[Dataset content]:
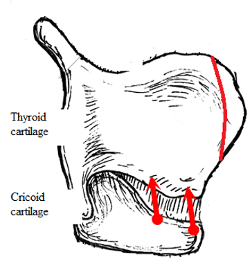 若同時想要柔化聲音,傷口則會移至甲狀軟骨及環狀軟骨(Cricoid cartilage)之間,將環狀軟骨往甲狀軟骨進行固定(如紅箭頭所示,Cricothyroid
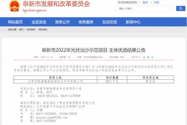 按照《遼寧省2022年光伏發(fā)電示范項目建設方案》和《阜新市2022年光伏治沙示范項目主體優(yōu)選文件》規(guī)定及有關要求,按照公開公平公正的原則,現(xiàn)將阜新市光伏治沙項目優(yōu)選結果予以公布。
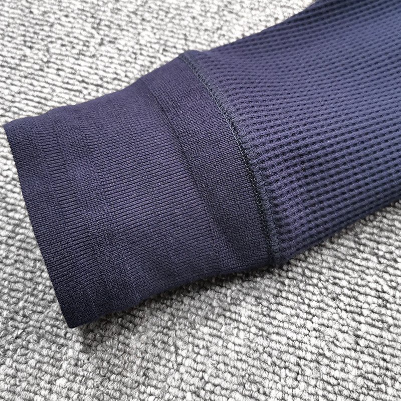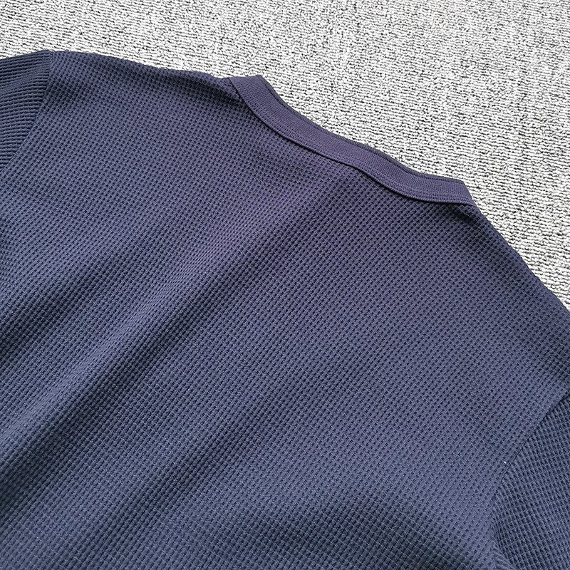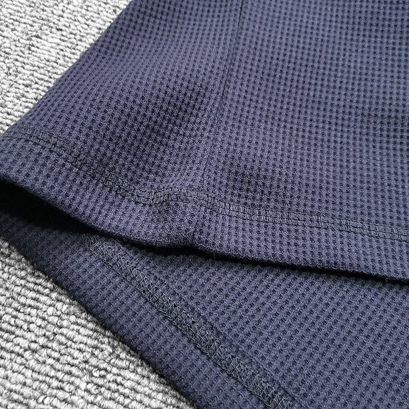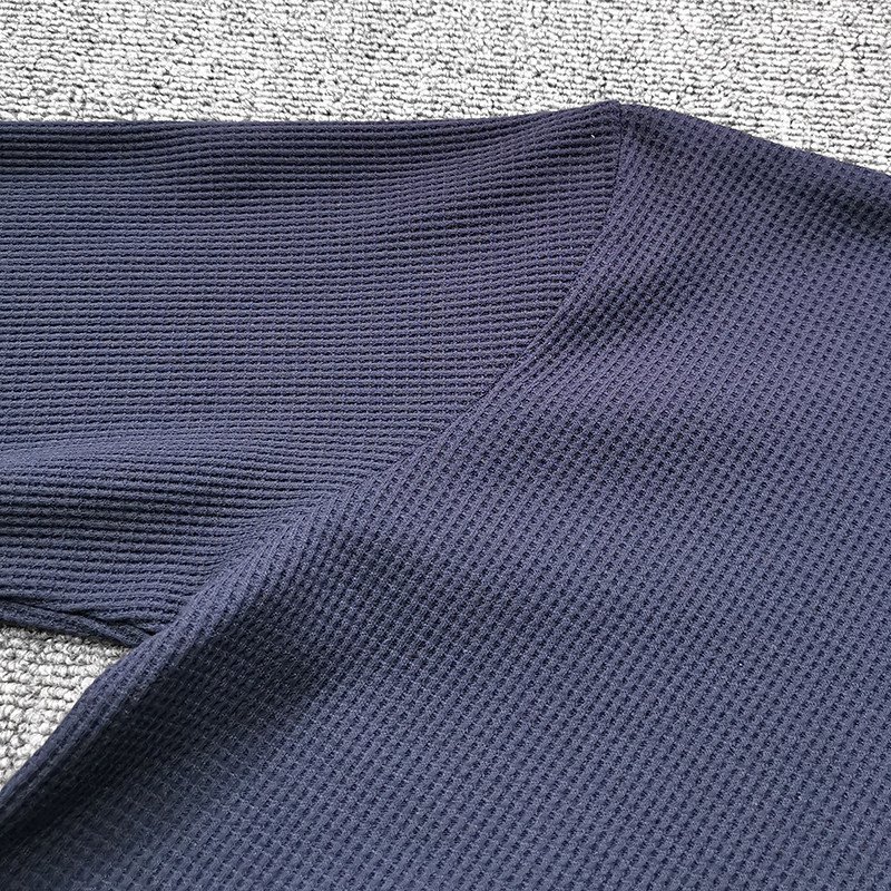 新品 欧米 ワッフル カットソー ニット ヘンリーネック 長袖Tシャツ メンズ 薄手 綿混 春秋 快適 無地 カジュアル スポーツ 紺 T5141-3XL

[Work instruction]: Output each line above exactly as it stands, omitting the pictures.

[Result of this exercise]:
 若同時想要柔化聲音,傷口則會移至甲狀軟骨及環狀軟骨(Cricoid cartilage)之間,將環狀軟骨往甲狀軟骨進行固定(如紅箭頭所示,Cricothyroid
 按照《遼寧省2022年光伏發(fā)電示范項目建設方案》和《阜新市2022年光伏治沙示范項目主體優(yōu)選文件》規(guī)定及有關要求,按照公開公平公正的原則,現(xiàn)將阜新市光伏治沙項目優(yōu)選結果予以公布。
 新品 欧米 ワッフル カットソー ニット ヘンリーネック 長袖Tシャツ メンズ 薄手 綿混 春秋 快適 無地 カジュアル スポーツ 紺 T5141-3XL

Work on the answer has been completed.